Problem to solve |
In the records below, find the line that contains "(260218) — LIVIGNO, 18" and the line that contains "Large window to"; write out exactly those two lines and everything between them, without the pictures.

Given data |
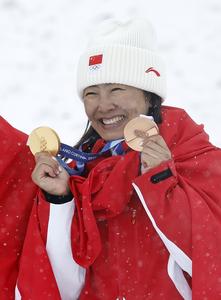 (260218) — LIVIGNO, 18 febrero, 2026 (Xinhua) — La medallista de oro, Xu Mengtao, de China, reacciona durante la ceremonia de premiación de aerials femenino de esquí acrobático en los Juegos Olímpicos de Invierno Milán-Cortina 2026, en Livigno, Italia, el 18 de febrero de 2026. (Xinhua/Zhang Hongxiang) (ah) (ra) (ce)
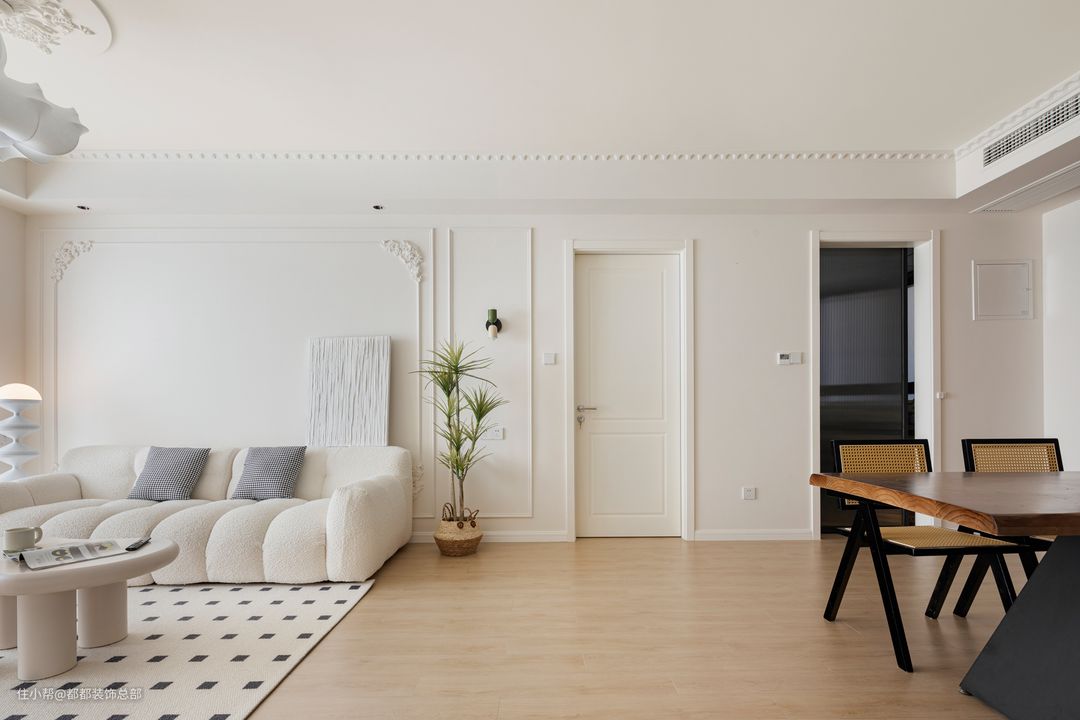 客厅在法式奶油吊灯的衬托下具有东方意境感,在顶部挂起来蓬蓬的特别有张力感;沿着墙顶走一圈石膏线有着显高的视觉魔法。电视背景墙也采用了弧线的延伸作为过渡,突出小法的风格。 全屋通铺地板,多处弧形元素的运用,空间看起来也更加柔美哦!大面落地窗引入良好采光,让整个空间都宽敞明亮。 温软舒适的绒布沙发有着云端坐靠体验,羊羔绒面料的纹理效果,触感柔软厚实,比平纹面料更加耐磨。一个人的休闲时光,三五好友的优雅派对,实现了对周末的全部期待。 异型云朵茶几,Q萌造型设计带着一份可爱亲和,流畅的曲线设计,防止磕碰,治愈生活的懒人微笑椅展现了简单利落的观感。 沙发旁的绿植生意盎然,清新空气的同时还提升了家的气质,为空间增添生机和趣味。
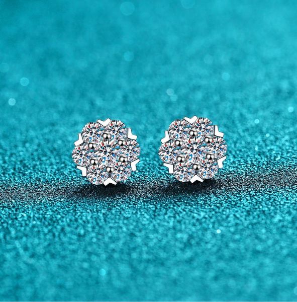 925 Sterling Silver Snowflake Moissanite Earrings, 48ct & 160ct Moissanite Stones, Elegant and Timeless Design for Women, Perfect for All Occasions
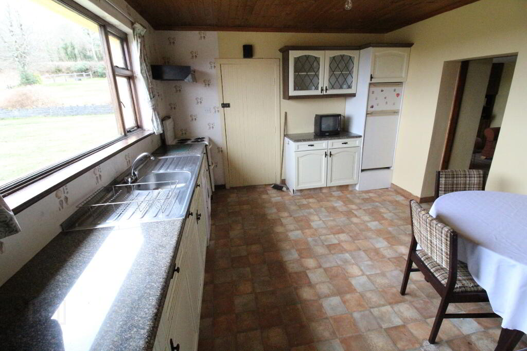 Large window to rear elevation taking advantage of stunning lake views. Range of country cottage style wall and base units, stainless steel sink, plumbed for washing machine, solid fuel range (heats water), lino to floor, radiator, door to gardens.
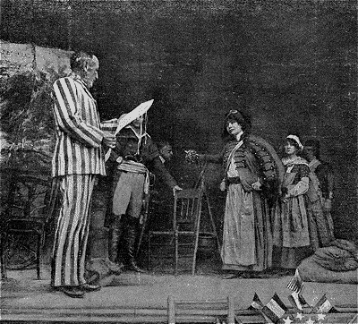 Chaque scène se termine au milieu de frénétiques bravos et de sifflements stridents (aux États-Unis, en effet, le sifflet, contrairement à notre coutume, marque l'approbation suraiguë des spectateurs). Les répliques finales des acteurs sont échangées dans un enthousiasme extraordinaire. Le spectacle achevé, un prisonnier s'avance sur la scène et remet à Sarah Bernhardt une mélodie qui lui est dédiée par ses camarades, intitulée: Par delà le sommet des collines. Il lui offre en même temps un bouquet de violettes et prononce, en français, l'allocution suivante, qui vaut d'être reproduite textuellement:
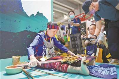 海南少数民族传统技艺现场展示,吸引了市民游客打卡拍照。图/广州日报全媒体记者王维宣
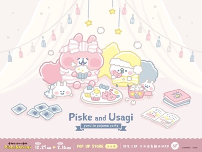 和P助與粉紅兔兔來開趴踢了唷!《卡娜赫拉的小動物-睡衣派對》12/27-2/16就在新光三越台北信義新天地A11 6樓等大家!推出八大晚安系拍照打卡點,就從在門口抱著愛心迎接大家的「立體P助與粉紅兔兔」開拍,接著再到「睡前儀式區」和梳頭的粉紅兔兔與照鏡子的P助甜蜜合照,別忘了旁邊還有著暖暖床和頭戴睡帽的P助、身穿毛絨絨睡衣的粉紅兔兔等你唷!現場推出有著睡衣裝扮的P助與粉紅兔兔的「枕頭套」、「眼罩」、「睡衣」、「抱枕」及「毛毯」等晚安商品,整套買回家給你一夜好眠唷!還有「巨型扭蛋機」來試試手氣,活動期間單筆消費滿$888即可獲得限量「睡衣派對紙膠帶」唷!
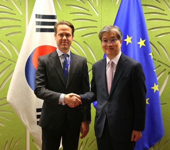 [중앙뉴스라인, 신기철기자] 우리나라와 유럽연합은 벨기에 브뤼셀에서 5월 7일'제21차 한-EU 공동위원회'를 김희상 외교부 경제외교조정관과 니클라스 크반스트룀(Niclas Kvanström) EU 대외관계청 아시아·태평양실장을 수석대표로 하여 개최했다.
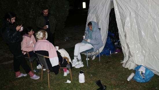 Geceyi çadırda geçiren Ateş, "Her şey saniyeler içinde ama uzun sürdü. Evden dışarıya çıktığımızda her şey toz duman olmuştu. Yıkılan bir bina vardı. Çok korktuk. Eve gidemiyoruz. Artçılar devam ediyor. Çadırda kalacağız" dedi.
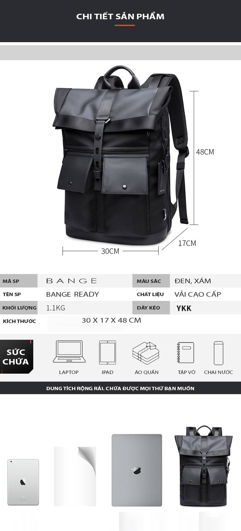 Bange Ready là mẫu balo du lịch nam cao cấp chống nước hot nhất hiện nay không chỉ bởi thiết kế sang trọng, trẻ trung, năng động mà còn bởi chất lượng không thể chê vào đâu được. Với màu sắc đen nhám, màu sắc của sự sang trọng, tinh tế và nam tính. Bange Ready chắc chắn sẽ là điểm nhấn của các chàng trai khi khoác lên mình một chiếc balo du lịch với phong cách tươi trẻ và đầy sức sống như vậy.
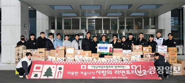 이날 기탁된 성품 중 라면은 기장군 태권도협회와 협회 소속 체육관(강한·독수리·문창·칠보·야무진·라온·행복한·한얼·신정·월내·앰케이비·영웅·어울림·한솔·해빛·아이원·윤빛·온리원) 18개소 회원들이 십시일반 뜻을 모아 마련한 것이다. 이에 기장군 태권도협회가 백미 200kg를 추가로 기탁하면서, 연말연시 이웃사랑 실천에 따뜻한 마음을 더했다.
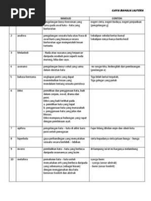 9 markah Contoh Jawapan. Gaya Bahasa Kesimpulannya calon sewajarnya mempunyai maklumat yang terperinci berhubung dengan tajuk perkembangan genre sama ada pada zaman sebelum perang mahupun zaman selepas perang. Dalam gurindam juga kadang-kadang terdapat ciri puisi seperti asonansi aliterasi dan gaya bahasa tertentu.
---
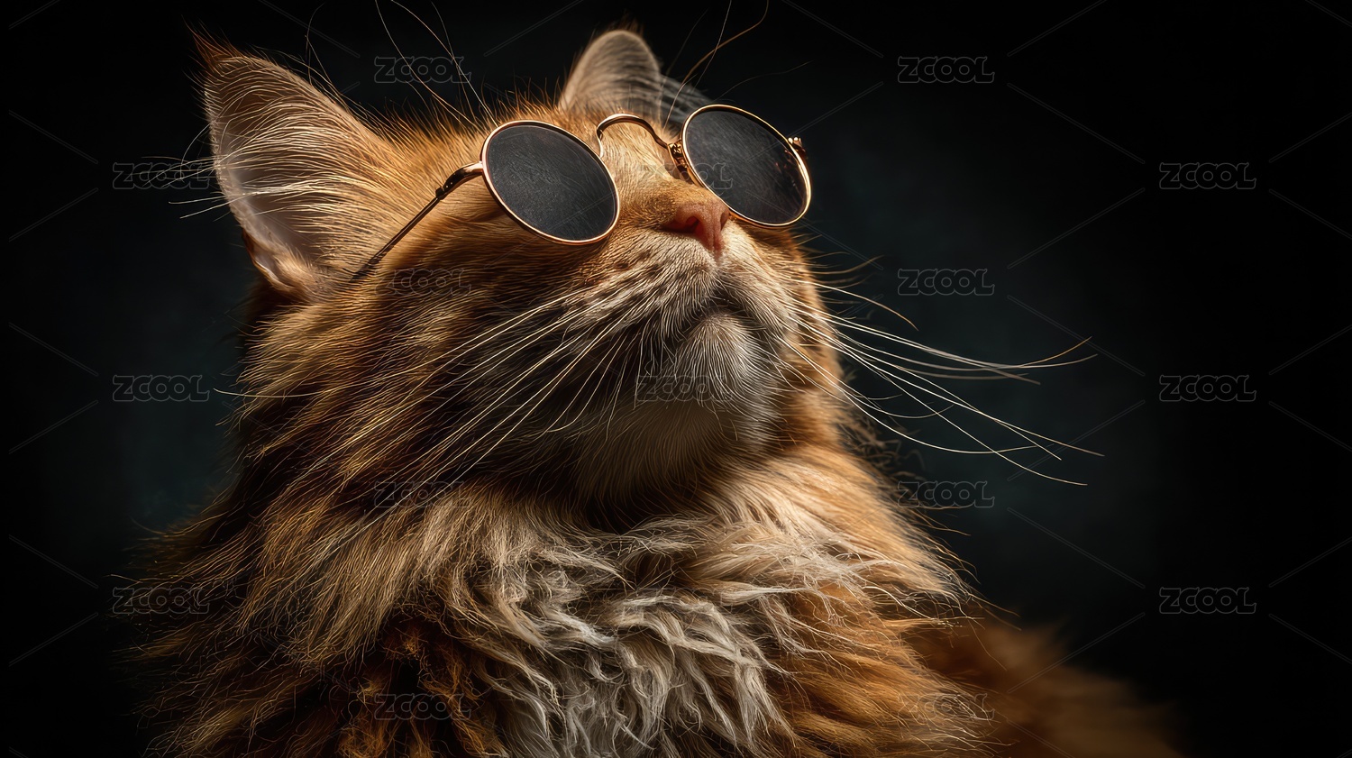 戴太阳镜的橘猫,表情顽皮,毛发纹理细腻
...
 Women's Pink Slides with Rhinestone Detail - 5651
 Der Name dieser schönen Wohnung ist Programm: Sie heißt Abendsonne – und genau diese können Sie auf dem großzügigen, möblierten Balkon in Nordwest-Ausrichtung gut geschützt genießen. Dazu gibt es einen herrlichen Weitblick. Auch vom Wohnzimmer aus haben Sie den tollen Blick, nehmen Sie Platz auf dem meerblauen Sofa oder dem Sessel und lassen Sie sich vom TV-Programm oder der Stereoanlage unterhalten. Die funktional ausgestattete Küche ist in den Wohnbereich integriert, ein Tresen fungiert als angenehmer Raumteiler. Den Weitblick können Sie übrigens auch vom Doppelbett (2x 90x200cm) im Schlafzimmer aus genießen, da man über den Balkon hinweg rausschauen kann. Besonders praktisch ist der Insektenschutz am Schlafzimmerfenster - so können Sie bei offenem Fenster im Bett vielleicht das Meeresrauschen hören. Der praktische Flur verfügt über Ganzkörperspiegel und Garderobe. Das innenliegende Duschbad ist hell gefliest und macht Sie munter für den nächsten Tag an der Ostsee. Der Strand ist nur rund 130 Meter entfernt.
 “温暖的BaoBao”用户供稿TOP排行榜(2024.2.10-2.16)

Result below |
 (260218) — LIVIGNO, 18 febrero, 2026 (Xinhua) — La medallista de oro, Xu Mengtao, de China, reacciona durante la ceremonia de premiación de aerials femenino de esquí acrobático en los Juegos Olímpicos de Invierno Milán-Cortina 2026, en Livigno, Italia, el 18 de febrero de 2026. (Xinhua/Zhang Hongxiang) (ah) (ra) (ce)
 客厅在法式奶油吊灯的衬托下具有东方意境感,在顶部挂起来蓬蓬的特别有张力感;沿着墙顶走一圈石膏线有着显高的视觉魔法。电视背景墙也采用了弧线的延伸作为过渡,突出小法的风格。 全屋通铺地板,多处弧形元素的运用,空间看起来也更加柔美哦!大面落地窗引入良好采光,让整个空间都宽敞明亮。 温软舒适的绒布沙发有着云端坐靠体验,羊羔绒面料的纹理效果,触感柔软厚实,比平纹面料更加耐磨。一个人的休闲时光,三五好友的优雅派对,实现了对周末的全部期待。 异型云朵茶几,Q萌造型设计带着一份可爱亲和,流畅的曲线设计,防止磕碰,治愈生活的懒人微笑椅展现了简单利落的观感。 沙发旁的绿植生意盎然,清新空气的同时还提升了家的气质,为空间增添生机和趣味。
 925 Sterling Silver Snowflake Moissanite Earrings, 48ct & 160ct Moissanite Stones, Elegant and Timeless Design for Women, Perfect for All Occasions
 Large window to rear elevation taking advantage of stunning lake views. Range of country cottage style wall and base units, stainless steel sink, plumbed for washing machine, solid fuel range (heats water), lino to floor, radiator, door to gardens.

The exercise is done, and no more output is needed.